Determine the prototype fan pressure rise for a constant volume fan on an AirLoopHVAC based on the airflow of the system. to the logic from ASHRAE 90.1-2004 prototypes.

Returns:

• (Double) —

  the pressure rise (in H2O). Defaults

# File 'lib/openstudio-standards/prototypes/ashrae_90_1/ashrae_90_1_2007/ashrae_90_1_2007.FanConstantVolume.rb', line 8

def fan_constant_volume_airloop_fan_pressure_rise(fan_constant_volume)
  # Get the max flow rate from the fan.
  maximum_flow_rate_m3_per_s = nil
  if fan_constant_volume.maximumFlowRate.is_initialized
    maximum_flow_rate_m3_per_s = fan_constant_volume.maximumFlowRate.get
  elsif fan_constant_volume.autosizedMaximumFlowRate.is_initialized
    maximum_flow_rate_m3_per_s = fan_constant_volume.autosizedMaximumFlowRate.get
  else
    OpenStudio.logFree(OpenStudio::Warn, 'openstudio.prototype.FanConstantVolume', "For #{fan_constant_volume.name} max flow rate is not available, cannot apply prototype assumptions.")
    return false
  end

  # Convert max flow rate to cfm
  maximum_flow_rate_cfm = OpenStudio.convert(maximum_flow_rate_m3_per_s, 'm^3/s', 'cfm').get

  # Determine the pressure rise
  pressure_rise_in_h2o = if maximum_flow_rate_cfm < 7437
                           2.5
                         else # Over 7,437 cfm
                           4.09
                         end

  return pressure_rise_in_h2o
end

#fan_on_off_airloop_or_unitary_fan_pressure_rise(fan_on_off) ⇒ Double

Determine the prototype fan pressure rise for an on off fan on an AirLoopHVAC or inside a unitary system based on the airflow of the system. to the logic from ASHRAE 90.1-2004 prototypes.

Returns:

• (Double) —

  the pressure rise (in H2O).

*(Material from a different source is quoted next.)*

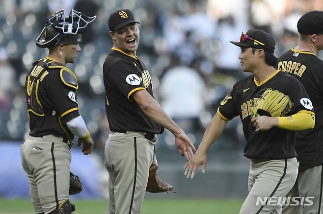 [시카고=AP/뉴시스] 샌디에이고 파드리스의 김하성(오른쪽)이 1일(현지시각) 미 일리노이주 시카고의 개런티드레이트필드에서 열린 2023 메이저리그(MLB) 시카고 화이트삭스와 경기를 승리로 마친 후 동료들과 자축하고 있다. 김하성은 연장 10회 초 희생플라이 타점을 올리며 올 시즌 마지막 경기에서 4타수 무안타 1타점을 기록했고 팀은 연장 11회 끝에 2-1로 승리했다. 2023.10.02.

Defaults

# File 'lib/openstudio-standards/prototypes/ashrae_90_1/ashrae_90_1_2007/ashrae_90_1_2007.FanOnOff.rb', line 9

def fan_on_off_airloop_or_unitary_fan_pressure_rise(fan_on_off)
  # Get the max flow rate from the fan.
  maximum_flow_rate_m3_per_s = nil
  if fan_on_off.maximumFlowRate.is_initialized
    maximum_flow_rate_m3_per_s = fan_on_off.maximumFlowRate.get
  elsif fan_on_off.autosizedMaximumFlowRate.is_initialized
    maximum_flow_rate_m3_per_s = fan_on_off.autosizedMaximumFlowRate.get
  else
    OpenStudio.logFree(OpenStudio::Warn, 'openstudio.prototype.FanOnOff', "For #{fan_on_off.name} max flow rate is not available, cannot apply prototype assumptions.")
    return false
  end

  # Convert max flow rate to cfm
  maximum_flow_rate_cfm = OpenStudio.convert(maximum_flow_rate_m3_per_s, 'm^3/s', 'cfm').get

  # Determine the pressure rise
  pressure_rise_in_h2o = if maximum_flow_rate_cfm < 7437
                           2.5
                         else # Over 7,437 cfm
                           4.09
                         end

  return pressure_rise_in_h2o
end

#fan_variable_volume_airloop_fan_pressure_rise(fan_variable_volume) ⇒ Double

Determine the prototype fan pressure rise for a variable volume fan on an AirLoopHVAC based on the airflow of the system. to the logic from ASHRAE 90.1-2004 prototypes.

Returns:

• (Double) —

  the pressure rise (in H2O). Defaults

# File 'lib/openstudio-standards/prototypes/ashrae_90_1/ashrae_90_1_2007/ashrae_90_1_2007.FanVariableVolume.rb', line 8

def fan_variable_volume_airloop_fan_pressure_rise(fan_variable_volume)
  # Get the max flow rate from the fan.
  maximum_flow_rate_m3_per_s = nil
  if fan_variable_volume.maximumFlowRate.is_initialized
    maximum_flow_rate_m3_per_s = fan_variable_volume.maximumFlowRate.get
  elsif fan_variable_volume.autosizedMaximumFlowRate.is_initialized
    maximum_flow_rate_m3_per_s = fan_variable_volume.autosizedMaximumFlowRate.get
  else
    OpenStudio.logFree(OpenStudio::Warn, 'openstudio.prototype.FanVariableVolume', "For #{fan_variable_volume.name} max flow rate is not available, cannot apply prototype assumptions.")
    return false
  end

  # Convert max flow rate to cfm
  maximum_flow_rate_cfm = OpenStudio.convert(maximum_flow_rate_m3_per_s, 'm^3/s', 'cfm').get

  # Determine the pressure rise
  pressure_rise_in_h2o = if maximum_flow_rate_cfm < 4648
                           4.0
                         else # Over 7,437 cfm
                           5.58
                         end

  return pressure_rise_in_h2o
end

#fan_variable_volume_part_load_fan_power_limitation_hp_limit(fan_variable_volume) ⇒ Double

TODO:

AddRef

The threhold horsepower below which part load control is not required. 10 nameplate HP threshold is equivalent to motors with input powers of 7.54 HP per TSD

Parameters:

• fan_variable_volume (OpenStudio::Model::FanVariableVolume) —

  the fan

Returns:

• (Double) —

  the limit, in horsepower. Return nil for no limit by default.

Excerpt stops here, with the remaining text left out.